As a longer term medium-severe sufferer it isn't amazing.
Before this I was having issues and let things slip a bit.
It was kind of in a process of getting through challenging avoidance. Sometimes we break to fix, but fixing gets interrupted.
Avoidance is now enforced, and coping mechanisms may be useful in some sense…which given effort to rectify them I do not see as positive. Its a depression.
The major source of anxiety follows an election in the UK I found to be rather worrying. Somehow, the country being in that kind of divided dishonest state, having to deal with this is problematic. Social anxiety is major, because as many know it feels like scrutiny by other members of public, and some perhaps arbitrary restrictions by those who voted in favour of a poor medical system.
The scrutiny, the doom, hysteria, a kind of socially enforced tribal justice, perhaps I am familiar in that I have shared at one short time delusions regarding nuclear war (full psychosis, sectioned) and thus am placed in an albeit less absurd, but seemingly comparably big shift that is not produced by my thoughts
with, is worrying me about returns of that illness. Occasionally leaving paranoia and mild peripheral visual disturbance/trick of mind (not exactly hallucination, but perhaps mistaking objects for people out the corner of eyes)

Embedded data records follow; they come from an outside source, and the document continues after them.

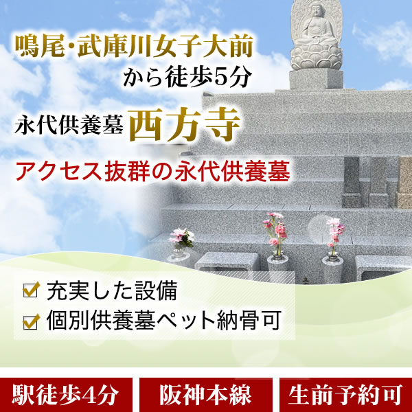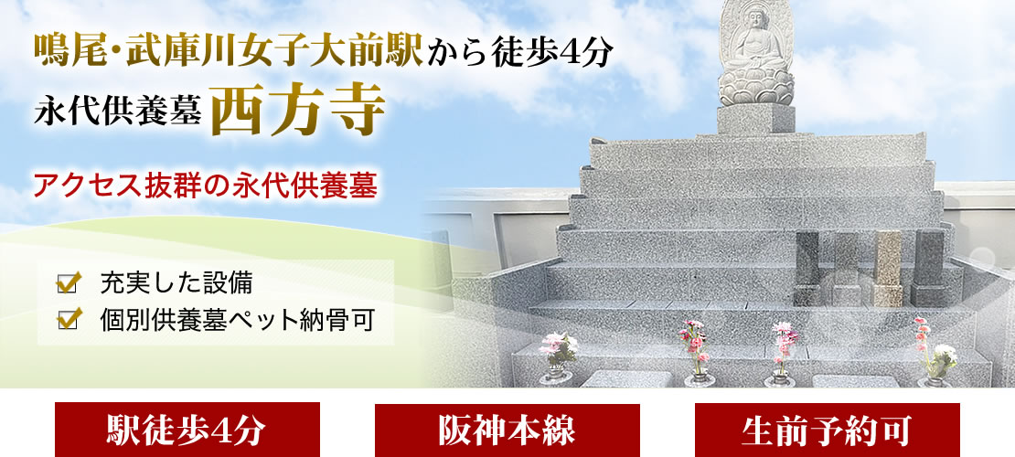 西宮市鳴尾町にある西方寺永代供養墓は、最寄駅である鳴尾・武庫川女子大前駅より徒歩4分の好立地にございます。宗教問わず、どなたでもお申込みいただけます。個別納骨、最初から合祀、とプランを選ぶことができます。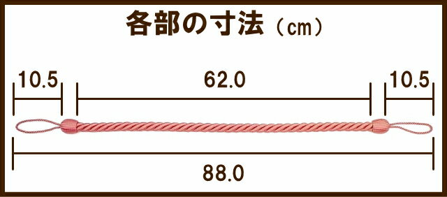 全長:約88cm ロープの太さ:直径約1.9cm (詳しくは画像「各部の寸法」をご参照ください。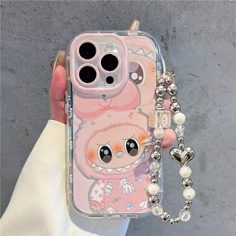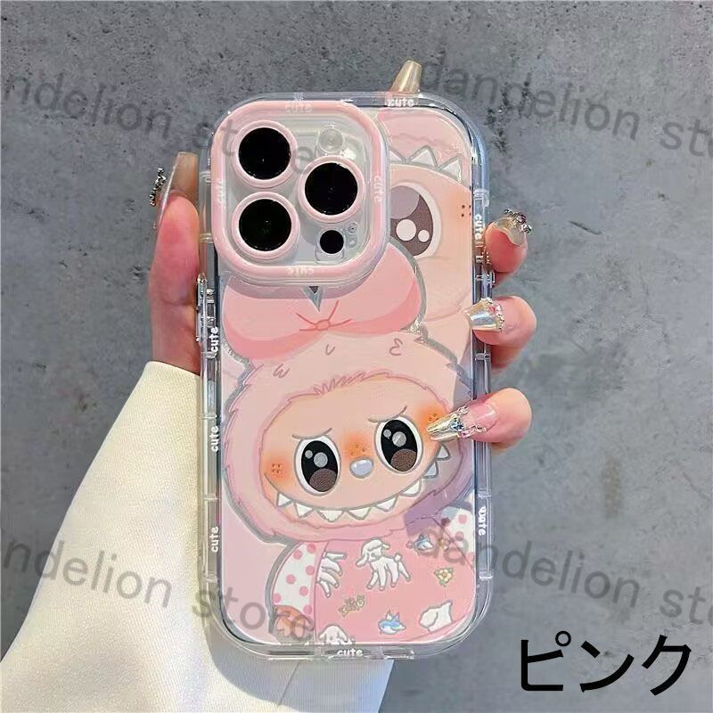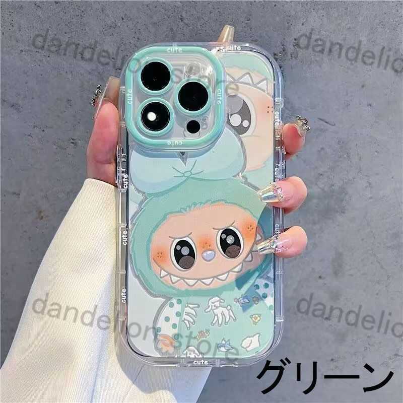 スマホケース ラブブLabubu グリーン ピンク ストラップ付き iPhone対応 アイフォンケース iPhone16pro/15/15pro/15pro max/14/14pr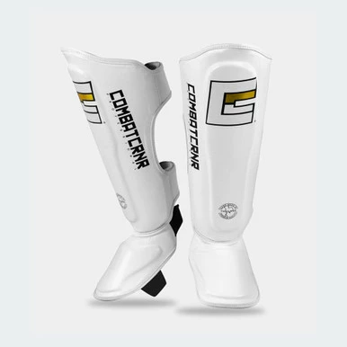 Professional grade Muay Thai shin guards expert craftsmanship from Bangkok, Thailand. The sleek contoured form fitting design with shock absorbing dual layer padding offers amazing protection and unimpeded movement.

I am a musician too and venues do not cope. It has taken a while to be playing them after mental health issues.
*also turning on quora after four months or so… BiBig mistake. Forgot how shite minded people can be, and the confusing lack of true communication going on here.
Another note I obviously cannot go to therapy, and careworkers are way too overloaded, thankfully am no longer a severe case but they are truly worried a out psychotic, self harming, suicidal, drug addicted and perhaps abusing people.